Clandestinité

L’abertzalisme moderne s’est forgé dans les plis d’une dictature impitoyable qui a durablement conditionné ses formes et ses habitudes. Les actions de masse pacifiques de l’après-guerre se sont révélées désastreuses. Les deux grèves générales, tentées en 1947 et 1951 par un PNB un peu trop sûr de ses appuis américains, n’avaient ainsi abouti qu’à une sordide répression, doublée d’une paralysie du parti nationaliste. C’est fort de cet enseignement qu’Ekin (Faire), un groupe d’étudiants basques indépendantistes, entame un important travail théorique. Entre 1952 et 1959, ils se réuniront dans le plus grand secret, s’astreignant à un anonymat, une ponctualité et un travail extrêmement méthodique qui préfigurent l’organisation qu’ils allaient créer : ETA*. Pendant un an, son nom même restera inconnu. Le franquisme ne laissait pas d’autres voies aux opposants, et participa contre son gré à faire croître une forte disposition de la population à accueillir les clandestins, au sud comme au nord.

« Une histoire très marquante quant à l’état d’esprit des villages, c’est celle du consul Beihl en 1970. Ça se passe pendant le procès de Burgos. Seize membres d’ETA sont jugés pour avoir tué Meliton Manzanas, un des plus grands tortionnaires du Guipuzcoa. Ils risquent la peine capitale. Pour mettre la pression, un consul honoraire allemand est enlevé par ETA à Saint-Sébastien et planqué de ce côté-ci en Soule [voir la carte des sept provinces], dans un presbytère. Un jour, il parvient à s’échapper et court jusqu’au premier bistrot qu’il trouve. Il rentre tout hagard et commence à parler. Les gens se demandent : « Qui c’est celui-là ? » « Je suis le consul Beihl. » Les gens l’ont regardé, ils se sont regardés entre eux, ils l’ont pris et l’ont ramené au presbytère. Parce qu’ils savaient très bien d’où il s’était échappé… Et l’opération a pu continuer. Finalement, avec la pression internationale, six prévenus, condamnés à mort, ont été graciés quelques jours plus tard. »
Interview de Filipe Bidart, ex-membre d’Iparretarrak*, réalisée en novembre 2018

La dictature n’explique pas seule ce large soutien des villageois envers les clandestins. Preuve en est qu’après la chute du régime, il ne s’éteindra pas, bien au contraire. C’est une véritable culture de la solidarité et du silence qui se consolidera à mesure que l’aura de la lutte indépendantiste grandira. Filipe Bidart, qui raconte cette échappée manquée du consul, a lui-même fait courir les forces de l’ordre françaises de 1981 à 1988, avant de passer dix-neuf ans en prison, dont deux en isolement total. Avec ses camarades d’Iparretarrak, il a mené à leur barbe un nombre important d’opérations armées sur un territoire moins grand qu’un département. Et ce mouchoir de poche hébergeait également deux autres groupes armés, Hordago et EZ, ainsi que les nombreux militants d’ETA qui y trouvaient refuge.

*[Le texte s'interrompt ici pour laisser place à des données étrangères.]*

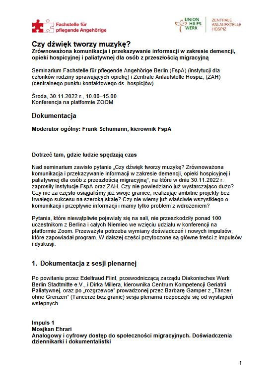 Zrównoważona komunikacja i przekazywanie informacji w zakresie demencji, opieki hospicyjnej i paliatywnej dla osób z przeszłością migracyjną

« Durant toute cette période, j’étais recherché très activement. Pourtant, je n’ai jamais eu de problèmes particuliers pour trouver des endroits où me cacher. J’ai été hébergé chez toutes sortes de personnes. Dans la clandestinité, bien sûr, tu coupes les ponts avec tes proches, mais tu ne vas pas non plus te cacher chez les militants, puisqu’ils sont surveillés. Au contraire, tu vas chez des personnes qui ne sont pas militantes, et moins elles sont connues, mieux c’est. Et le paradoxe, si on veut, c’est que ces personnes-là prennent de gros risques, et qu’elles le font sciemment. On fait des rencontres qui nous marquent et qui nous renforcent dans nos convictions. Quand tu vas dans une maison et que le couple te laisse sa chambre pour aller dormir dans le salon, des gestes comme ça, ça te touche. […] Ici, dans la vallée de Baigorri, c’est sûr, même si c’est une maison qui n’adhère pas aux idées abertzale*, par principe ils vont apporter de l’aide. « Ah, lui c’est le fils de telle maison, c’est pas des bandits, c’est pas des inconnus, donc on apporte notre soutien. » À moins que ce ne soient des gens complètement opposés, bien sûr. Puis on est proche de la frontière. Il y avait beaucoup de réseaux de contrebande, qui à l’époque fonctionnaient encore et qui ont amené un certain état d’esprit favorable à la clandestinité : on ne parle pas, on apporte le soutien et on ne pose pas de questions. »
Interview de Filipe Bidart


À lire : Gisèle Halimi, Le procès de Burgos, éditions Gallimard, 1971.